OIG will provide additional information on their website regarding the SDP (self-disclosure) for information blocking after publication of the final rule. However, before such information is posted, OIG will accept self-disclosure of information blocking conduct. They refer actors to section IV.A.5 of the preamble that describes how we will evaluate disclosure of violations and cooperation with investigations. Specifically, it is a mitigating circumstance under the factors at 42 CFR 1003.140(a)(2) for an actor to take appropriate and timely corrective action in response to a violation. Timely corrective action includes disclosing information blocking violations to OIG and fully cooperating with OIG’s review and resolution of such disclosure.
Disclaimer and Author’s Notes
Disclaimer and Authors Note: This work is a professional practice analysis of the OIG CMP Enforcement Final Rule published officially on July 03, 2023. This FAQ is for our customers, prospects and any other interested parties. The information in this document is not and should not be used as legal advice, for that consult a knowledgeable attorney. This work is a professional practice document meant to further the current level of knowledge about these rules. Being a new rule with almost no interpretation, other than what is included the rule itself, some of the FAQs may be in error, if so, they are unintentional. This document is intended to address the information blocking rules within it, not one of the other two areas addressed, the fraud and abuse and The Bipartisan Budget Act elements. Those may relate to information blocking but that was not addressed within this document.

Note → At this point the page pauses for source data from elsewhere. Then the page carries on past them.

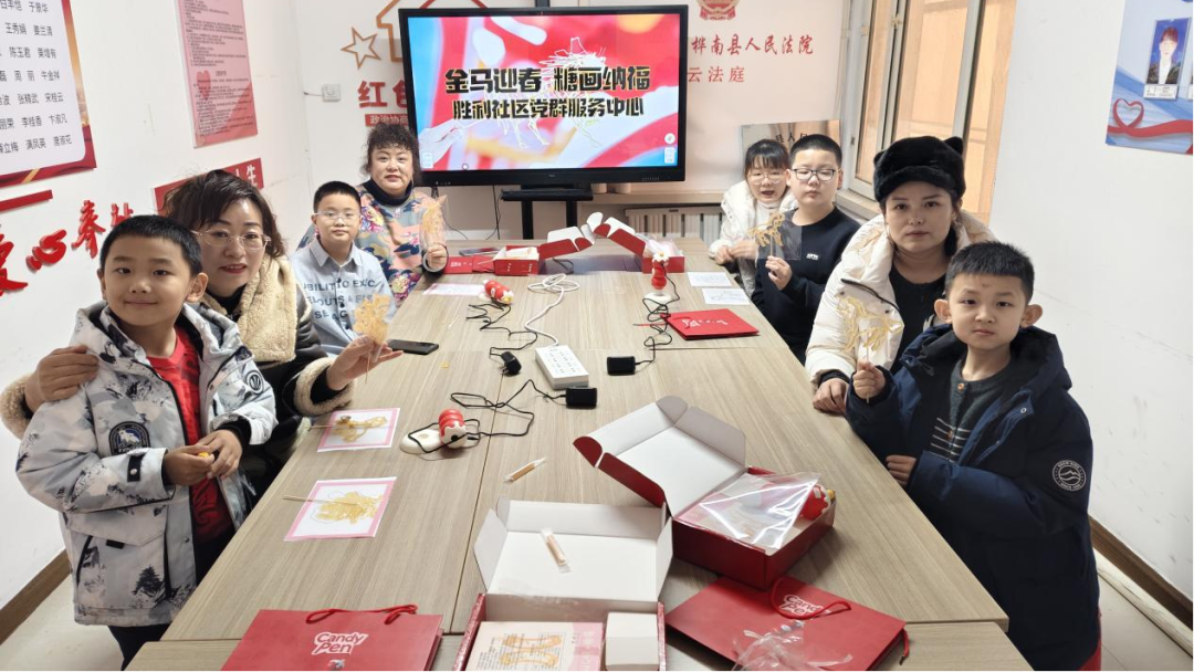 将传统文化传承与邻里温情传递相结合,创新打造特色文化体验活动,让传统年俗在新时代焕发新光彩,也让居民在互动体验中感受浓浓年味、增进邻里情谊。在胜利社区开展“糖画绘福”非遗体验活动中,亲子家庭携手合作,以糖为墨、以勺为笔,绘制出各式各样的甜蜜糖画图案,孩子们在趣味体验中近距离触摸非遗文化魅力,亲情也在协作中不断升温。与此同时,社区慰问小分队同步行动,将福字与生活物资送到辖区困难家庭手中,实现文化韵味与人情温暖的双向奔赴。
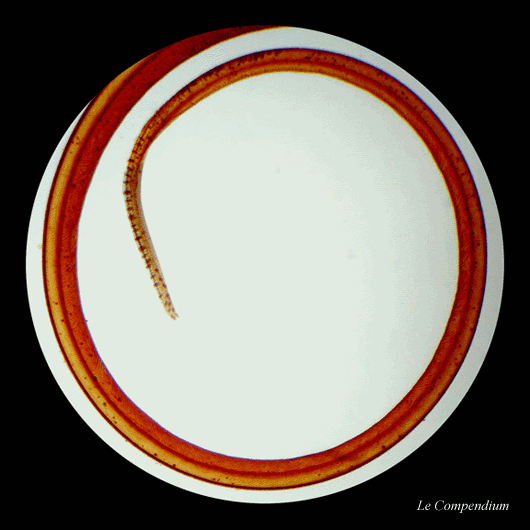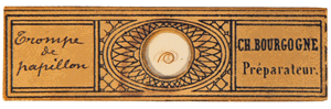 Quatre lames préparées par Charles Bourgogne dans la deuxième moitié du XIXe siècle accompagnent le microscope. Il s'agit des grands classiques : la puce humaine, la plume de colibri, l'aile de mouche et la trompe de papillon. C'est cette dernière préparation que nous avons photographiée à travers l'instrument avec un faible grossissement pour pouvoir observer la trompe enroulée en spirale sur une plus grande longueur. Déployée, elle sert à aspirer les liquides nourriciers. On remarque, dans sa région terminale, les papilles qui sont des organes sensoriels. |
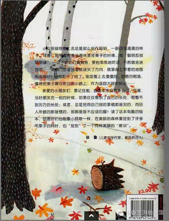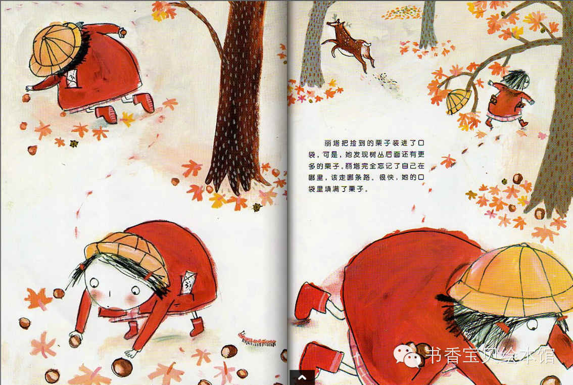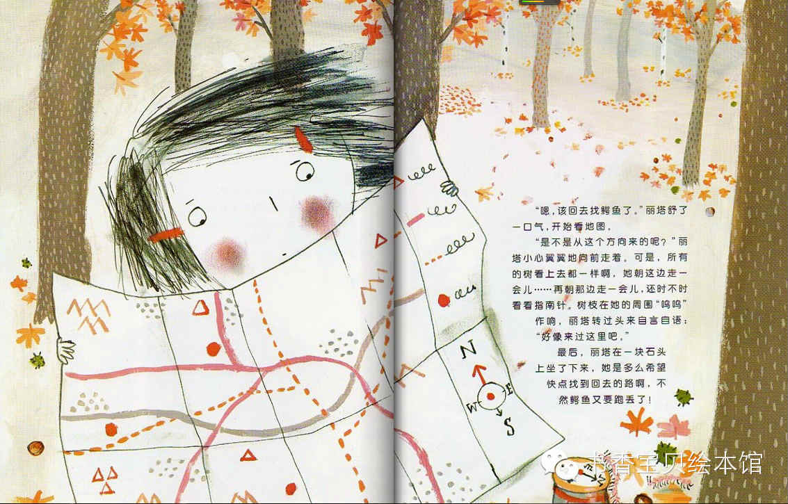 小女孩丽塔总是那么自作聪明,看上去一幅自信满满的样子。可是,她带着鳄鱼去森林里捡栗子的时候,却“聪明反被聪明误”,一边在不断地叮嘱鳄鱼,要他乖乖听话,不然就会迷路的,一边自己捡着、捡着就迷失了方向,就算身上带着的地图着指南针也帮不了她。倒是看上去傻傻的、憨憨的鳄鱼,懂得把栗子撒在走过的小路上,作为返回大路的标记……
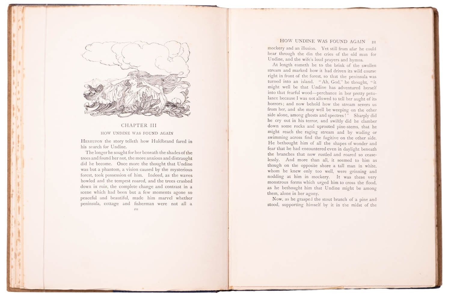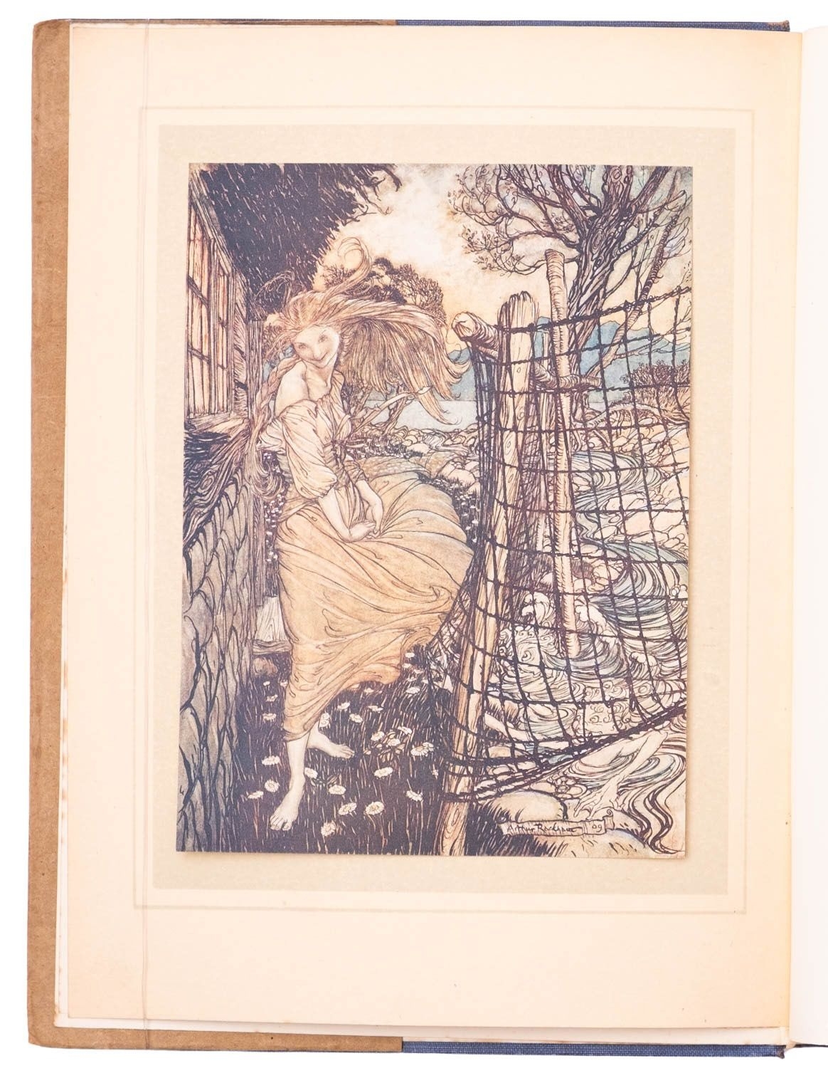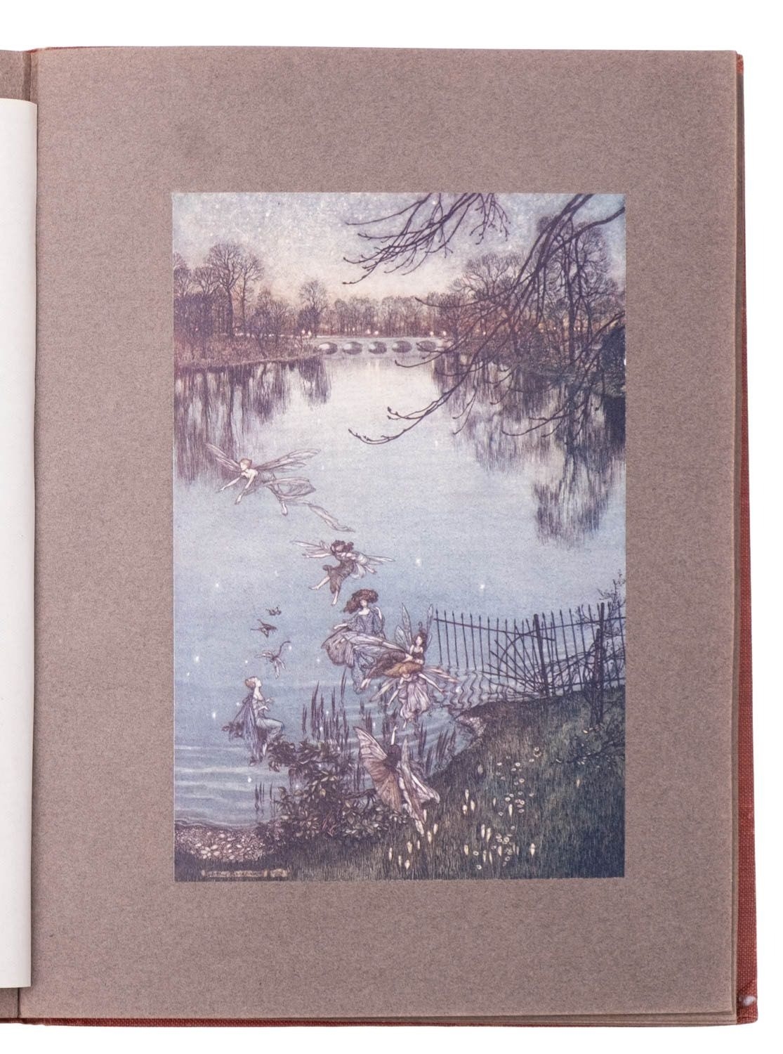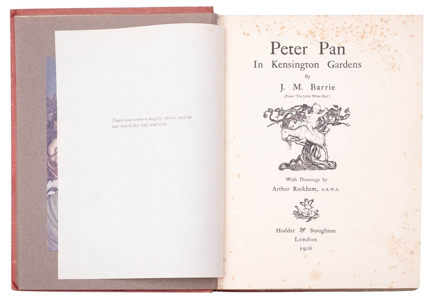 RACKHAM, Arthur (illust.). Peter Pan in Kensington Gardens, 1st trade edition, London: Hodder & Stoughton, 1906, 50 tipped-in col. plates, captioned tissue guards (some spotting), spotting (primarily at front and edges not affecting plates), frontis. leaf becoming detached, orig. russett pictorial cloth gilt rubbed, 4to; IDEM (illust.). Undine, 1st edition thus, London: William Heinemann, 1909, 15 tipped-in col. plates, captioned tissue guards (some spotting), spotting (primarily at front and edges not affecting plates), orig. blue pictorial cloth gilt rubbed, top edge blue, dustjacket (chipped), 4to. (2)

I highly recommend all parties, especially providers of care, understand all the ramifications, including these rules as they implement the Cures Act, at this point especially in relation to certified Health IT Vendors (EHR) and HIE’s and HINs given the potential risk from $1,000,000 CMPs. One of the best ways to gain full understanding, from a legal perspective is to consult your knowledgeable legal counsel.